現場は惨憺たる状況だった。小さな薬局の前で、何らかの爆発が起こったらしい。建物の一部が破損し、ガラスが散乱している。
「何が起こったんですか?」
野次馬の一人に聞くと、驚くべき答えが返ってきた。
「トニックを自分で作ろうとした人がいたんだって。でも調合に失敗して、爆発したらしい」
「自分で作ろうと?」
「ああ、最近トニックが手に入りにくくなってるから、レシピを真似して作ろうとする人が増えてるんだ」
莉花は愛先輩と茉莉を見た。状況はもはや個人レベルの問題ではなくなっている。
「これは…街全体の問題になってますね」
茉莉が小さな声で言った。
「私が始めたことが、こんなことに」
「茉莉さん、自分を責めるのはやめてください」
莉花は茉莉の肩を掴んだ。
「今は解決することが大事です。
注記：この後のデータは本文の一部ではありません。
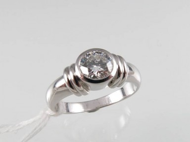 brilliant-cut diamond in platinum. Estimated weight of diamond 0.75ct graded in the setting as Colour F, Clarity VS1. Weight 8.1g. -

誰の責任かは後で考えればいい」
その時、莉花の視界に新たな歪みが現れた。今度は爆発現場の真上に、大きな歪みが出現している。
「また歪みが…」
莉花が見上げると、歪みの向こうに別の世界の光景が見えた。そこでも同じような爆発が起こっているようだった。しかし、その世界では爆発の規模がもっと大きく、建物全体が破壊されている。
「あの世界では、もっとひどいことになってる…」
莉花が呟いた時、歪みの向こうから声が聞こえてきた。
「莉花、聞こえる?」
昨日と同じ、自分によく似た声だった。
「茉莉花さん?」
「そう。状況は分かってる。あなたの世界でも暴走が始まったのね」
「暴走?」
「トニックの効果が制御できなくなってる。このままだと、物理法則まで破綻する可能性がある」
莉花は震え上がった。物理法則の破綻など、想像もつかない事態だった。
「どうすればいいんですか?」
「まず、トニックの大量生産を止めなければならない。そして、ノートに追記されたレシピを無効化する必要がある」
「ノートのレシピを?」
「そう。でも一人では無理。私たちが協力しなければ」
歪みの向こうの茉莉花の声は、どこか疲れ切ったような響きがあった。
「私たち?」
「私たち三人よ。茉莉、莉花、そして茉莉花。本来は一つだった存在が、三つに分かれてしまった」
莉花は理解できずにいた。しかし、とにかく状況が深刻だということは分かった。
「今は何をすればいいですか?」
「大学でのトニック配布を止めて。そして、レシピノートを持っている茉莉を守って。ノートが悪用されると、事態はさらに悪化する」
歪みが次第に小さくなっていく。茉莉花の声も遠くなっていった。
「頑張って、莉花。あなたの行動力が、きっと世界を救う」
歪みが消失した後、莉花は呆然と立ち尽くしていた。
「莉花、どうしたの?また何か見えた?」
愛先輩が心配そうに聞いた。
「はい…でも、今は説明してる時間がありません」
莉花は決断した。
「大学に行きましょう。今すぐに」
三人は爆発現場を離れ、大学に向かった。莉花の心の中で、使命感がふつふつと沸き上がっていた。
茉莉花の言葉が正しければ、自分は単なる傍観者ではない。この問題を解決する鍵を握る存在の一人なのだ。
しかし、彼女たちが大学に到着した時、そこで目にしたのは想像を絶する混乱だった。